61. Mark Lemongello, 1976-1979 (Astros/Blue Jays)
Mark Lemongello’s career was short and mediocre. As a starting pitcher for the Astros and Blue Jays in the late 1970s, Lemongello showed flashes of both promise—decent ERA, a near no-hitter— and insanity—attacking fans, asking if Canadians “spoke American.” It was a few years after his career ended that things got interesting. With the help of ex-teammate Manny Seaone, Lemongello kidnapped his cousins Mark and Peter and robbed them of tens of thousands of dollars. Mark Lemongello was a professional bowler, Peter Lemongello an Italian-style crooner who sold millions of records in 1976 via direct advertising on television. Rumor and various unreliable blog sources have Lemongello as wandering the country, remaining one step ahead of his family and regular daily life.
68. Ray Oyler, 1965-1970 (Tigers/Seattle Pilots/Angels)

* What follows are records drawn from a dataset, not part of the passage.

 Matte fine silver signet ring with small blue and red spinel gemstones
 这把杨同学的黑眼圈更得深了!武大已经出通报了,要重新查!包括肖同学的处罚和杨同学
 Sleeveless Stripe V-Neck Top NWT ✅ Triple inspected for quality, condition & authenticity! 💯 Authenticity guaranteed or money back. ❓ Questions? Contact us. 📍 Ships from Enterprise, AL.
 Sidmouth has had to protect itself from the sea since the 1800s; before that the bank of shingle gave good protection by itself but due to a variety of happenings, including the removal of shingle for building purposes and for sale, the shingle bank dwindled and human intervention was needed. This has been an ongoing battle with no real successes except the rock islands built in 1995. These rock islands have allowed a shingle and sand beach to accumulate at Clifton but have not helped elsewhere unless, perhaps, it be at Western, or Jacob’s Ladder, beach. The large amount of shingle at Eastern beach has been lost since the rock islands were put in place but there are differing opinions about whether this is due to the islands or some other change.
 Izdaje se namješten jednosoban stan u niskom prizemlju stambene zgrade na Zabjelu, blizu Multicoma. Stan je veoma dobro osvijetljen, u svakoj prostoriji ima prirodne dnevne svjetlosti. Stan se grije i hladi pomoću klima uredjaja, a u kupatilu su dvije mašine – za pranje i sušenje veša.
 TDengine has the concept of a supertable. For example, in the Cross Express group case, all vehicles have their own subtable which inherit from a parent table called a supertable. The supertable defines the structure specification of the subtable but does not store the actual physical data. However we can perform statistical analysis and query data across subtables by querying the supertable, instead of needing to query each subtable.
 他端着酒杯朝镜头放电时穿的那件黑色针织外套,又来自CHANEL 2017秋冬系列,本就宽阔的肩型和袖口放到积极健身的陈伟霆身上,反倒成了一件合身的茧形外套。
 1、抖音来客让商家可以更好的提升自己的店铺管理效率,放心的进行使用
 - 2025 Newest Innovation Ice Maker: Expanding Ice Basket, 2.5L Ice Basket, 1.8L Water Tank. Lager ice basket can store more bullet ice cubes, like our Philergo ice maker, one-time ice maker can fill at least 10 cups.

Ray Oyler was one of the worst baseball hitters of the modern era. He batted just .175 in his career and through the work of a clever disc jockey became a mascot for the futility of the short-lived Seattle Pilots. Over 15,000 Seattleites joined the “Ray Oyler S.O.C.I.T.TO.M.E .300 Club.” The acronym stood for “slugger Oyler can, in time, top our manager’s estimate” by hitting .300. Oyler never did, but his .165 average with the Pilots in 1969 was thirty points better than his previous season. After going “0 for August” for the 1968 Tigers, Oyler was yanked from his starting shortstop role shortly before the World Series in favor of an outfielder, Mickey Stanley, who had never played the position before. The Tigers won the World Series in seven games, partly because Ray Oyler didn’t get a single at-bat.